I provoke monday.com with a to promote ranking. My bearishness is pushed by 4 key crimson flags:
- Competitors. monday.com operates in among the best areas of enterprise software program, from workflow administration to CRM. It tries
- A slowdown in internet holdings and upside dangers. monday.com’s 30%+ income development thus far is partly pushed by value will increase that went into impact in February. The influence of this value enhance on outflows, in the meantime, continues to be unknown. In the meantime, internet revenue retention figures have declined in comparison with earlier years.

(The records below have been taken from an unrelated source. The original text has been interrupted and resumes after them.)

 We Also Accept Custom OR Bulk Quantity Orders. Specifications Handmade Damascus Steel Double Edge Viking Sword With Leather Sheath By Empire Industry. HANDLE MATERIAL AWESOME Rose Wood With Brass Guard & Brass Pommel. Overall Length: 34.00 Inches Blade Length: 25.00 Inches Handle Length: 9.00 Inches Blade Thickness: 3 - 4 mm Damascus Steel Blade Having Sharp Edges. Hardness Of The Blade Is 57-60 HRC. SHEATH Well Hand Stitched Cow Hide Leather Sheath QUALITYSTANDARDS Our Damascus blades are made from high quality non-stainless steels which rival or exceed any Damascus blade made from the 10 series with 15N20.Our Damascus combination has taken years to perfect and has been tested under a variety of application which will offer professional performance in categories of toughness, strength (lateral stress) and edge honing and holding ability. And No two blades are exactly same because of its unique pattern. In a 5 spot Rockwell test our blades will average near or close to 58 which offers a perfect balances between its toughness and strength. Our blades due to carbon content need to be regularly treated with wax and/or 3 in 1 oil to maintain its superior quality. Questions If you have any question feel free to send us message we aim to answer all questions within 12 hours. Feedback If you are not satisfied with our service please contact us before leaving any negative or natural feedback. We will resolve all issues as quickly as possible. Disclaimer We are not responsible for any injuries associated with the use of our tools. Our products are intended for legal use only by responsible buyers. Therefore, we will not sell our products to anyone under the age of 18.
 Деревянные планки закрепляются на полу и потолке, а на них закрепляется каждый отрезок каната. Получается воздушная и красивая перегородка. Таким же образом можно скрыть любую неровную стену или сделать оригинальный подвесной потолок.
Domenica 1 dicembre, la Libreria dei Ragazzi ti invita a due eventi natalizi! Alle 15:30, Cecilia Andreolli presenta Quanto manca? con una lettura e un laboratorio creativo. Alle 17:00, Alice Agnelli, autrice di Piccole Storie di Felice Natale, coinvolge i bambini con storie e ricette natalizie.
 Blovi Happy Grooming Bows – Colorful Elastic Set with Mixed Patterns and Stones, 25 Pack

- Revenue margin development might sluggish. Whereas most tech corporations are making modest headcount will increase, monday.com plans so as to add 30% to its workforce this 12 months, primarily in analysis and growth (sometimes high-paid engineers). Rising headcount on the identical charge as income development, particularly when a few of that income development is fueled by value will increase to be matched subsequent 12 months, is just not a surefire components for increasing margins.

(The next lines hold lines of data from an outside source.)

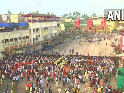 ओडिशा के पुरी में भगवान जगन्नाथ, उनके भाई बलभद्र और बहन देवी सुभद्रा के अलावा चक्रराज सुदर्शन के विशालकाय रथों के साथ शुक्रवार को नौ दिवसीय रथयात्रा उत्सव आरंभ हो गया। इस दौरान लाखों की संख्या में आए श्रद्धालुओं ने ‘जय जगन्नाथ’ और ‘हरिबोल’ का उद्घोष किया। घंटे, ढोल, मंजीरे और नगाड़ों की ध्वनि से आकाश गूंज उठा तथा सिंहद्वार के आसपास एकत्र हुए देशभर से आए श्रद्धालुओं ने रथों पर सवार देव प्रतिमाओं के दर्शन किये। (फोटो क्रेडिट - ANI)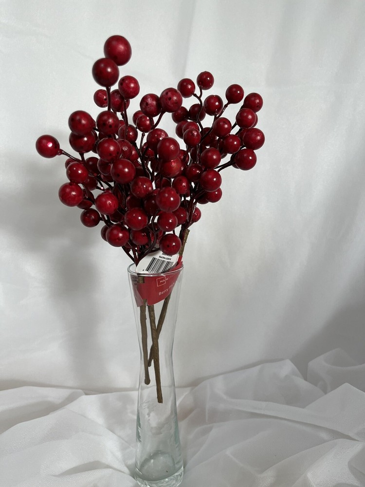 ****** Vases are for display purposes only and are not included. ****** Mainstays 12” Christmas Red Berries Pick for Floral Bouquets, Wreaths, Centerpieces, Crafts, etc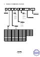 II. SPECIFICATION 1. MECHANICAL CHARACTERISTIC MOTOR DESIGN 2 phases, 4-poles Brushless DC motor BEARING SYSTEM Lubricated sleeve bearing system DIMENSIONS See Page 6 MATERIALS OF FRAME Thermoplastic PBT of UL 94V-0 MATERIALS OF FAN BLADE Thermoplastic PBT of UL 94V-0 DIRECTION OF ROTATION Counter-clockwise viewed from front of fan blade MOUNTING HOLES Diameter 4.3 mm in 8 holes WEIGHT 19.5 g 2. ELECTRIC CHARACTERISTIC RATED VOLTAGE 12 VDC RATED CURRENT 90 mA / Max.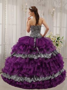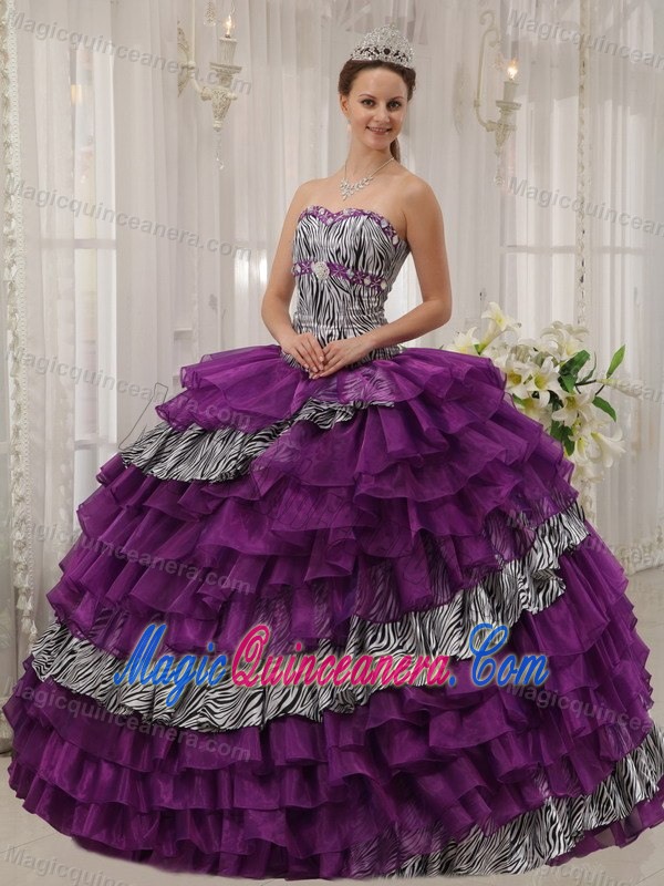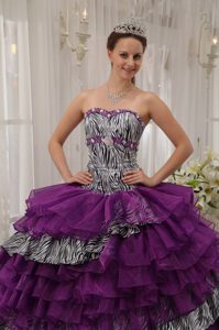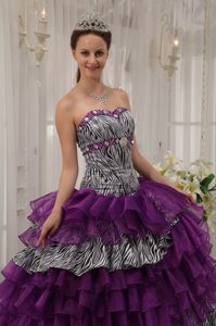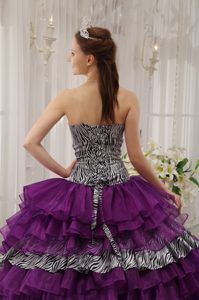 Zebra Print Multi-layer Dress for Quince Beading Organza for Prescott

- Wealthy evaluation. monday.com already trades at extremely excessive valuation multiples that go away little or no room for development.
Keep away and make investments elsewhere.
monday.com: Is the platform caught within the center?
For buyers new to monday.com, the corporate is a multi-functional work administration platform that has three major product traces: Monday Work Administration, a workflow and challenge administration software; Monday Gross sales CRM, which is a gross sales administration and buyer monitoring software; and Monday Dev, which goals to advertise technical growth groups.
The principle thesis of the corporate is that rising companies are normally caught between two troublesome selections: utilizing off-the-shelf software program that’s too inflexible in design and can’t scale as the corporate grows, or utilizing bigger and extra advanced options that are extra enterprise-oriented, costlier and extra advanced to implement, and too advanced for easier wants.
Nevertheless, we additionally should admit that in striving to be a middle-of-the-road platform, monday.com is up in opposition to a bunch of extra refined, enterprise-focused instruments. Alternatively, monday.com’s value enhance will make it extra reasonably priced for smaller members to hitch (the usual plan now prices $12 per seat monthly).
One of many major drivers of monday.com’s development is its transfer into the high-end market. The corporate has finished a superb job of each creating new company accounts and rising current accounts to larger spending ranges. In Q1, the corporate’s most up-to-date quarter, the variety of clients incomes greater than $100K in ARR jumped to 911, a sequential enhance of 78:
And but at this degree, and as monday.com continues to courtroom company clients, now we have to confess that the corporate cooperates with bigger and well-known corporations in every of the principle industries.
In workflow administration and growth, the corporate competes with Jira and Trello software program from Atlassian ( TEAM ). Different corporations taking a “middle-of-the-road” method and concentrating on mid-sized companies embrace Asana (ASAN) and Smartsheet (SMAR), each buying and selling at cheaper multiples than monday.com.
And in CRM, the record of rivals is nearly countless: Salesforce.com (CRM), HubSpot (HUBS), Oracle (ORCL) and SAP (SAP); together with smaller/personal rivals resembling Freshworks, SugarCRM and Soho.
In different phrases: we will not deny that monday.com competes in a really crowded area in every of the important thing software program industries, and it is arduous to argue simply because the corporate acts as an “in-between” choice between startup techniques and enterprise options, which in it’s any actual moat.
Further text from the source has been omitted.